EDWARDS has nothing like the same political experience and may in fact be running for the vice-presidential nomination. Yet he has a number of things in his favour.
He is a southerner, and the Democrats need the south.
No non-southern democrat has won the White House since Kennedy, and Kerry, so far, has very little support there. Edwards will also imitate Clinton by playing up his ability (he made millions as a lawyer taking personal injury cases against negligent corporations), and his relatively humble origins his father was a textile worker and Edwards was the first of his family to go to university. Edwards is a sort of male Erin Brockovich.
But not so fast. The realists may be in the ascendant in the Democratic Party, but there is still the all-important matter of next Tuesday's primary in New Hampshire. Maverick Dean still leads in the polls, and his nearest rival is another weird candidate General Wesley Clark.
Clark looks normal on the surface. He had a distinguished military career and is an effective debater. But is he the Clintons' preferred candidate because he is from Arkansas, or because Hillary wants to back a loser so she is free to run herself in 2008?
"I've been against this war from the beginning... And I'm against it now," Clark declared recently. But in April 2003, he declared that "liberation" was at hand.

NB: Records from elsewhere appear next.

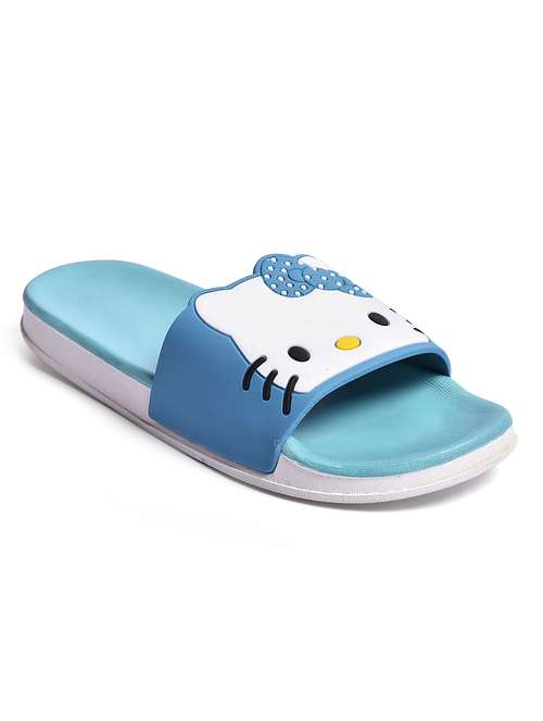 blue leatherette slides flip flops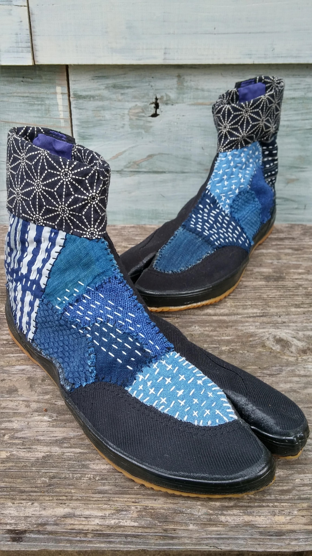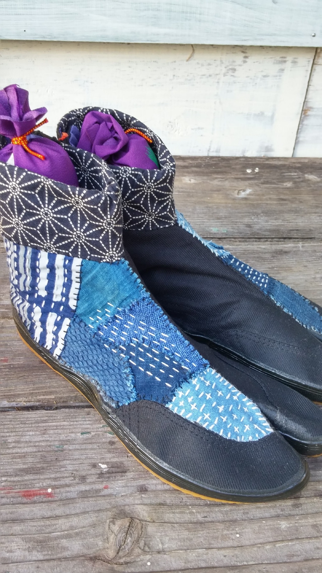 日本の古い藍染めや絣生地を地下足袋にパッチワークし刺し子を一点一点手作業で施しております。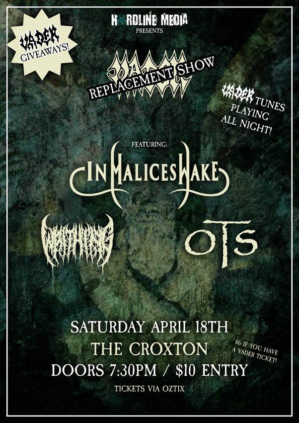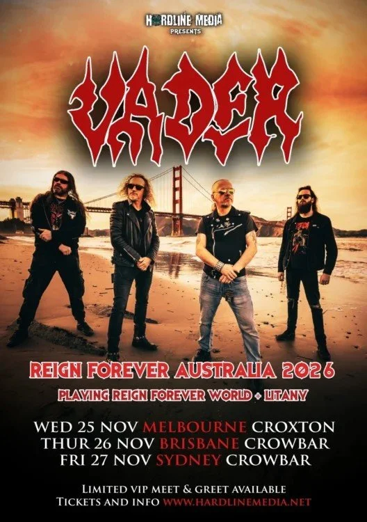 STATEMENT FROM VADER: "Dear fans of Australia, Vader have had to make the difficult decision to reschedule our Australian Tour dates due to the conflict in the Middle East. We cannot risk the flights being cancelled and everyone losing out. We have worked out with our Australian promoter Hardline Media, on some new dates in late November. Please hold onto your tickets; your current ticket/s transfer directly to the rescheduled dates. We will see you in November, we cannot wait to return."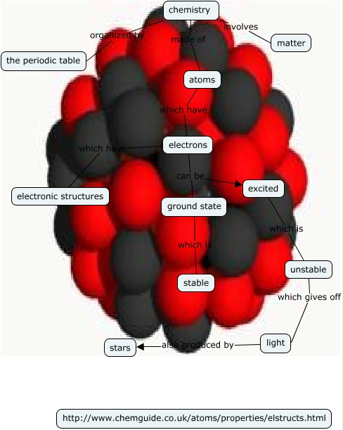This Concept Map, created with IHMC CmapTools, has information related to: Chemistry and Cosmic Evolution, electrons can be excited, unstable which gives off light, chemistry involves matter, chemistry made of atoms, chemistry organized by the periodic table, atoms which have electrons, light also produced by stars, excited which is unstable, ground state which is stable, electrons can be ground state, electrons which have electronic structures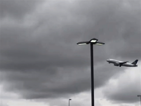 A Delta Airlines plane takes off against a dramatic cloudy sky, captured in striking black and white.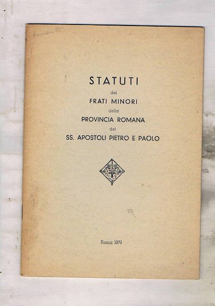 Statuti dei frati minori della Provincia Romana dei SS. Apostoli Pietro e Paolo. | Livres anciens et modernes |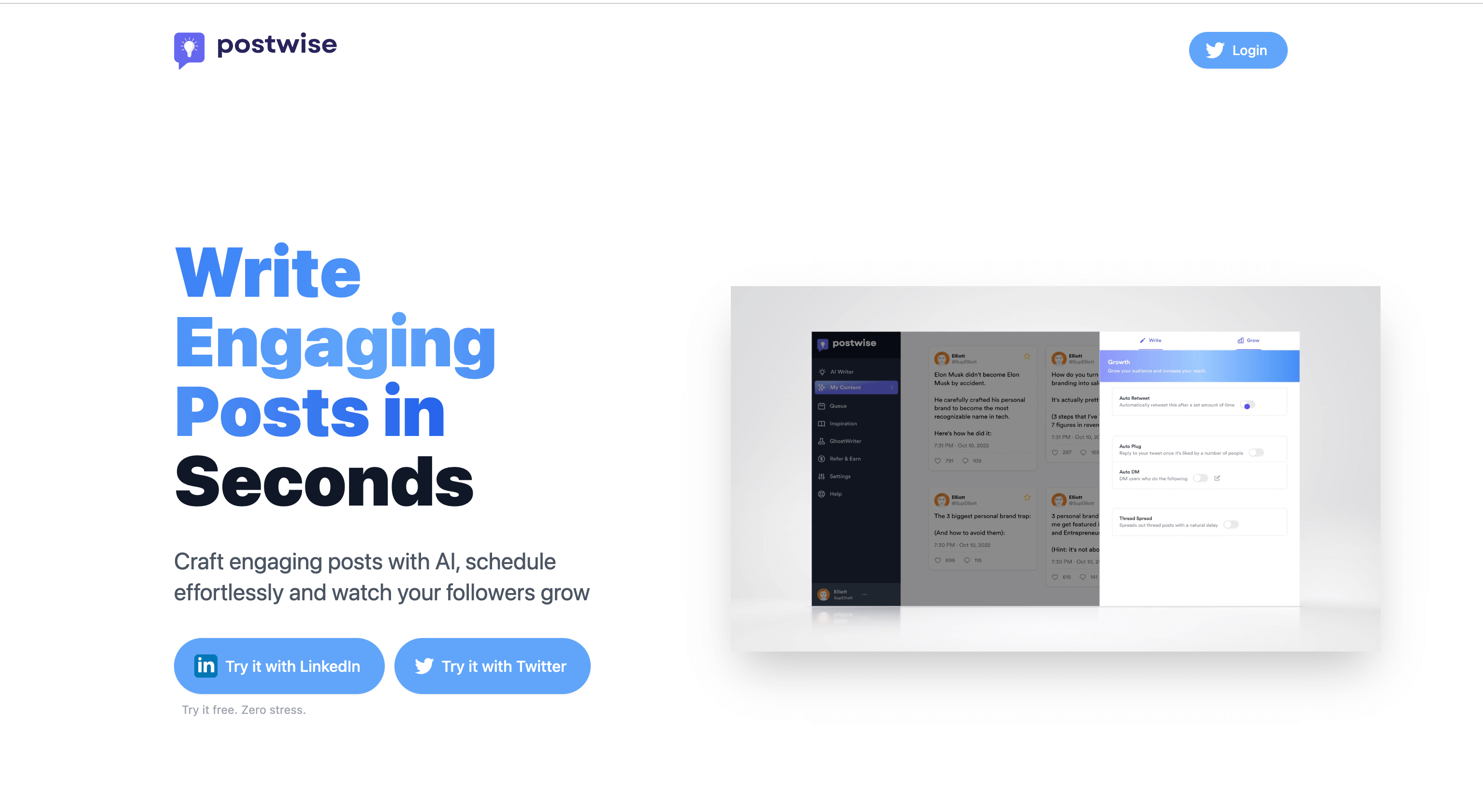 Twitter AI tool. Write tweets, schedule posts, and grow your following using AI.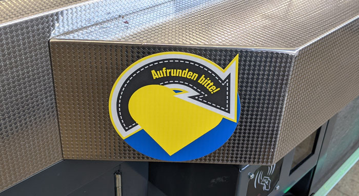 Im Kassenbüro hatte ich noch einen Umschlag mit Werbematerial für die Aktion "Aufrunden bitte!" gefunden. Es handelte sich dabei lediglich um Aufkleber, die ohne einen Hinweis auf einen möglichen Verwendungszweck auf diese Aktion hinweisen sollen. Diese habe ich nun allesamt bei uns im Kassenbereich verteilt.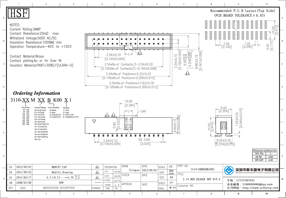 產品分類:簡易牛角連接器 產品型號: 聯豐盈 2.54MM 180SMT 滿PIN 簡牛 直銷 技術參數:額定電流:1.52amp電流電阻:20m最大承受電壓:500V的交流/直流絕緣電阻:1000分鐘操作溫度:40﹣℃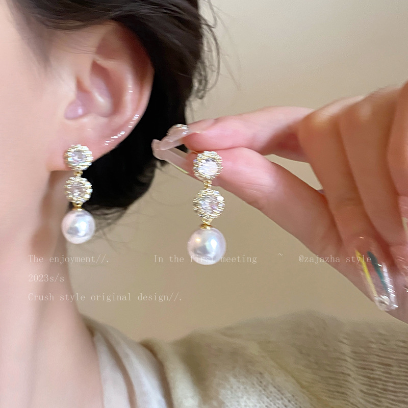 微镶锆石珍珠耳环独特高级感小众气质耳饰女轻奢精致小香风耳坠潮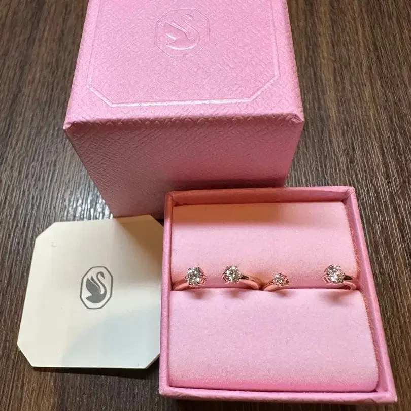 SWAROVSKI 2연 반지 로즈 골드 스톤 사이즈 58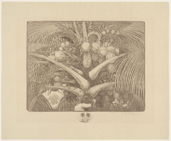 Curator: This linocut, "Bloemkool," created between 1887 and 1924 by Julie de Graag, presents us with a strikingly detailed image of a cauliflower. It's currently housed in the Rijksmuseum. Editor: Yes, it's fascinating how such detail is captured using this method! It's quite striking with its high contrast, almost austere. What strikes you most about this piece? Curator: The very choice of subject matter, a humble vegetable, immediately speaks volumes. We have to consider the social context: Who gets to depict, and therefore control, the narrative of daily life? Is it not usually the aristocracy? By choosing such an ordinary subject, de Graag implicitly democratizes art. This is especially striking for a woman artist during this time, when their roles and voices were often constrained. Editor: That’s an interesting perspective. I wouldn’t have considered the implications of something so seemingly simple. It really does highlight how art can challenge social hierarchies. The heavy contrast feels quite modern too. Curator: Indeed. And consider how the starkness can also function as a feminist critique. Are idealized and overly sexualized depictions of women replaced with a complex view of organic subject? It questions notions of beauty, challenging us to find value in the overlooked and the everyday. Editor: That’s such a thoughtful way of putting it. So much to think about when you start digging below the surface! Curator: Exactly! It’s about expanding our definition of art to encompass the realities of marginalized communities. Looking closely can transform our perspective of history itself. Editor: I see what you mean! Thank you, it's been truly illuminating. Curator: The pleasure was all mine! Hopefully, we can look at something together again soon.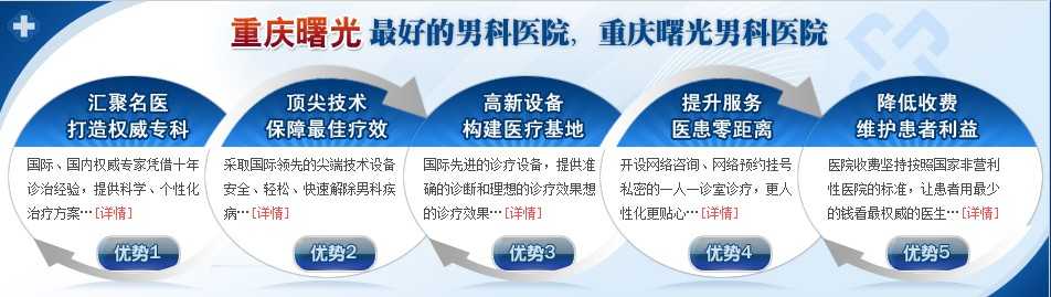 (一)全国受欢迎男科医院,汇男科名医,创百年曙光男科。重庆曙光男科医院连续被评为全国受欢迎的专业男科医院,得到重庆卫生部的高度承认,同时也成为了重庆较专业的男科医院。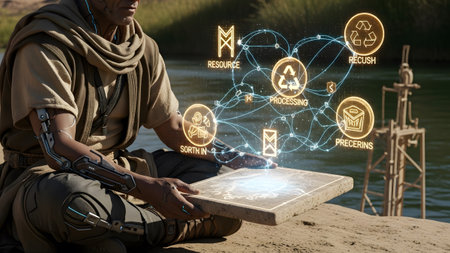 A person in a desert landscape holds a tablet displaying a holographic diagram of resource...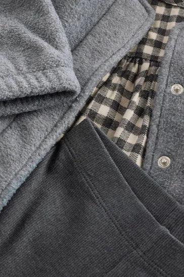 |Girl| Conjunto De Vestido, Jaqueta e Leggings Cinza De Algodão (3 meses a 8 anos)

"President Bush and Tony Blair should be proud of their resolve in the face of so much doubt," he exulted then.
With consistency like that, it's not surprising that Clark is supported by radical polemicist Michael Moore, whose own veracity at times leaves a lot to be desired. Clark however is proud of the endorsement, describing Moore as "a fantastic leader." With Dean and Clark still leading the polls in New Hampshire, it's still possible that the Democrats are ready to nominate a maverick. Perhaps the party hasn't awoken yet to the strangeness of some of the pretenders.
Or maybe they are having it both ways giving an early thumbs-up to their favourite radicals followed by realistic, Iowa-style voting for contenders who they believe can actually put it up to Bush.